Dahinter stehen natürlich aber auch Akteure, Menschen die beim Bund und im Land sich seit 1992 für die Idee dieser Reha-Klinik und deren Umsetzung eingesetzt haben und die sich fast alle im Trägerverein Neurologischen Rehabilitationszentrum für Kinder und Jugendliche e. V. wiederfinden.
Besonders gedenken möchte ich dem früheren und leider bereits verstorbenen Staatssekretär im Bundesministerium für Arbeit Karl Jung, der sich auch nach dem Ausscheiden aus dem öffentlichen Dienst sehr aktiv im Trägerverein engagiert hatte.
Persönlich danken kann ich aber heute allen anderen "Mitmacherinnen und Mitmachern". Insbesondere den drei Frauen, die seit der ersten Stunde dabei waren.
Frau Dr. Spielmann, der ehemaligen Bürgermeisterin der Stadt Brandenburg, die mit ihrem damaligen Mitarbeiter Herrn Gmirek alles dafür getan hat, um die Klinik hier in der Stadt Brandenburg zu realisieren; Frau Kleinert, Staatssekretärin im Ruhestand und Frau Dr. Steppuhn, bis 2008 Leiterin der Gesundheitsabteilung des Landes Brandenburg, die beide hoch engagiert dank ihrer Persönlichkeit und ihres Engagements den Trägerverein zum tragen gebracht haben und in den Mitgliederversammlungen mit ihrer Kompetenz für viele sinnvolle Anregungen gesorgt haben.

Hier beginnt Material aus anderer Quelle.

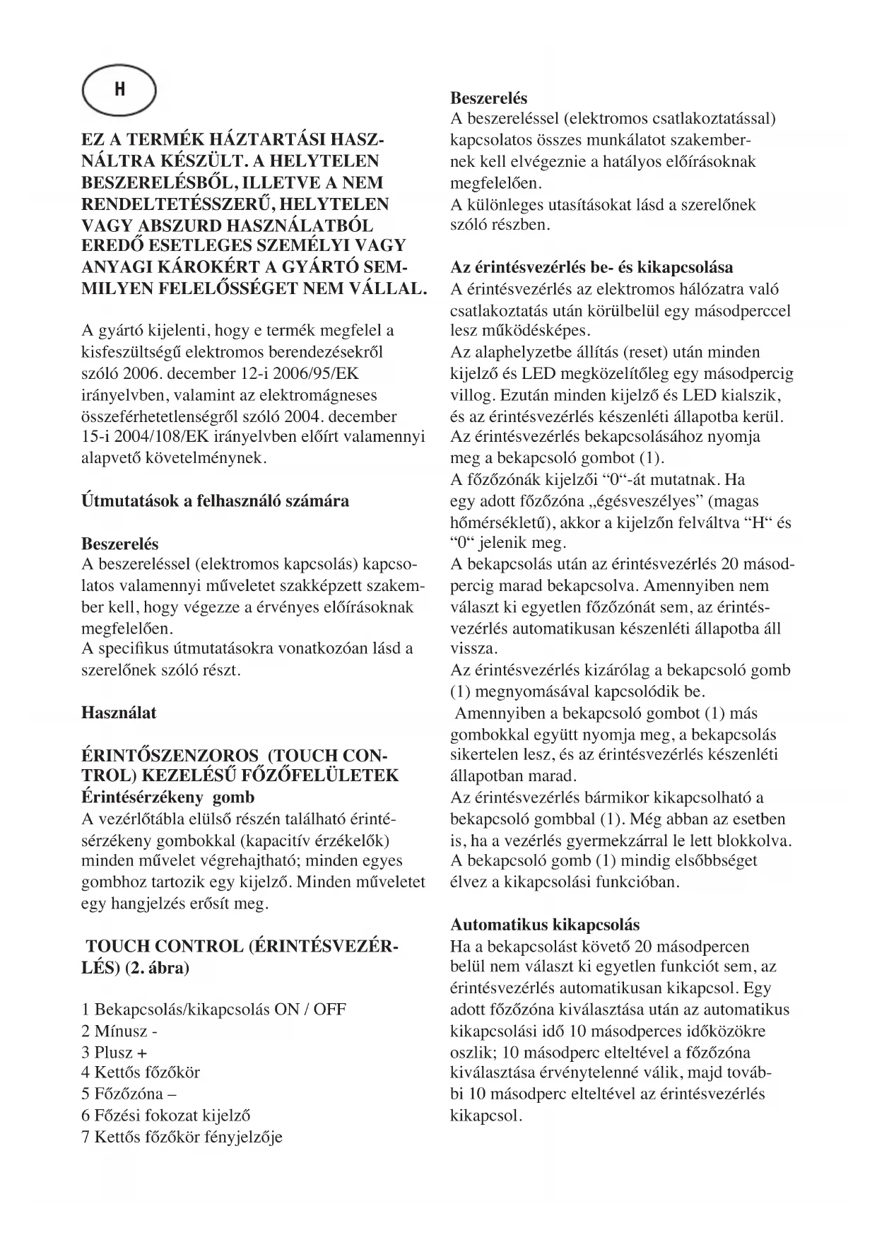 gfelel a főzőlap terhelésének és az érvényes

Dank selbstverständlich auch den gesetzlichen Kostenträgern, die durch ihre Mitgliedschaft im Trägerverein außerhalb ihres originären Aufgabenspektrums sich der Verantwortung für ihre Versicherten und deren Kinder in besonderer Art bewusst sind.
Da es über das Leistungsvermögen des Trägervereins hinaus gegangen wäre, wurde vor über 10 Jahren die Wittgensteiner Kliniken Allianz - heute HELIOSkliniken - ausgewählt, diese besondere Reha-Klinik zu betreiben. Auch Ihnen als Betreiber herzlichen Dank.

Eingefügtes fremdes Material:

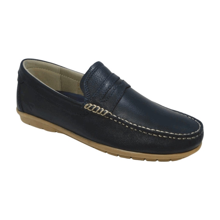 Mocassino uomo Valleverde in pelle blu con impuntire a contrasto. Tomaia interna e plantare removibile in pelle in memory foam. Fondo gomma altezza 2 cm
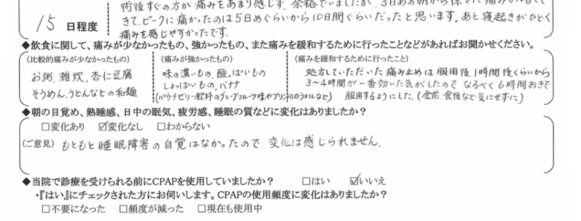 (ご意見) 術後はとても痛い思いをしたので、もう少し効果が出ることを期待していました。ただ主人によると獣のような音から普通のイビキ音になって少しボリュームダウンした気がするとの事でした。

Beide Hauptverantwortlichen, Verwaltungsdirektor Herr Fischer und Chefarzt Herr Dr. Köhler haben zusammen mit der Pflegedienstleitung von Anfang an, seit nunmehr 10 Jahren, dieses Haus zum Wohle der Kinder und Jugendlichen, deren Eltern und zum Wohle der hier beschäftigten Mitarbeiterinnen und Mitarbeiter mit ruhigen Händen und umsichtigen Köpfen geführt. Auch Ihnen gilt mein ganz besonderer Dank!

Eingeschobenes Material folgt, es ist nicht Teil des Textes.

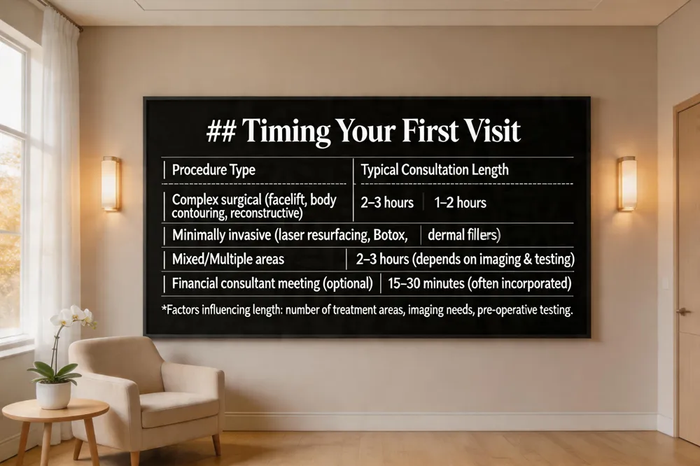 A plastic‑surgery consultation typically lasts anywhere from one to three hours, depending on the complexity of the procedure you’re considering. For more involved surgical cases—such as facelifts, body contouring, or reconstructive work—you can expect to spend roughly two to three hours at the office. Simpler, minimally invasive treatments like laser resurfacing, Botox, or dermal‑filler injections usually require about one to two hours. During that time the board‑certified surgeon reviews your detailed medical history, performs a thorough physical examination, discusses aesthetic goals, and uses high‑resolution photography or 3‑D imaging to visualize results. Factors influencing length include the number of areas being treated, the need for extensive imaging, and any pre‑operative testing. Complex procedures demand deeper anatomical assessment and a more elaborate treatment roadmap, whereas simple interventions allow a more streamlined dialogue. A brief meeting with a financial consultant is often incorporated to outline surgeon fees, anesthesia and facility charges, financing options and insurance considerations, ensuring you leave the visit fully informed and confident about the next steps.

Sie alle, die Mitglieder des Trägervereins, die Unternehmensleitung für dieses Haus und alle Mitarbeiterinnen und Mitarbeiter bitte ich in ihrem Bemühen um die ihnen anvertrauten Kinder und Jugendlichen nicht nachzulassen. Und alles was möglich ist, jeder in seinem Aufgabenfeld, zu tun, damit diese herausragende Reha-Klinik die in sie gesetzten Erwartungen weiterhin erfüllen kann.
Alles zum Wohle unserer Kinder; damit sie weiterhin nach ihrer medizinischen und beruflichen Rehabilitation lebensfrohe und glückliche Mitglieder in unserer Gesellschaft bleiben und voll im Leben stehen können. Gleichzeitig müssen Menschen mit Behinderungen ihren Platz in der Mitte und nicht am Rand der Gesellschaft erfahren. Sie brauchen neben den Hilfen von besonderen Einrichtungen Unterstützung im Alltag. Barrierefreiheit, gemeinsame Bildungs- und Freizeitangebote, gesellschaftliche Anerkennung sind dabei einige Stichworte. Wir als Landesregierung sehen uns in der Pflicht, Menschen mit Behinderung Hilfen anzubieten.
Deshalb, wenn es mal irgendwie "klemmen" sollte, das MUGV mit seinen Mitarbeitern inklusive meiner Person werden ihnen - so gut wir es können - zur Seite stehen!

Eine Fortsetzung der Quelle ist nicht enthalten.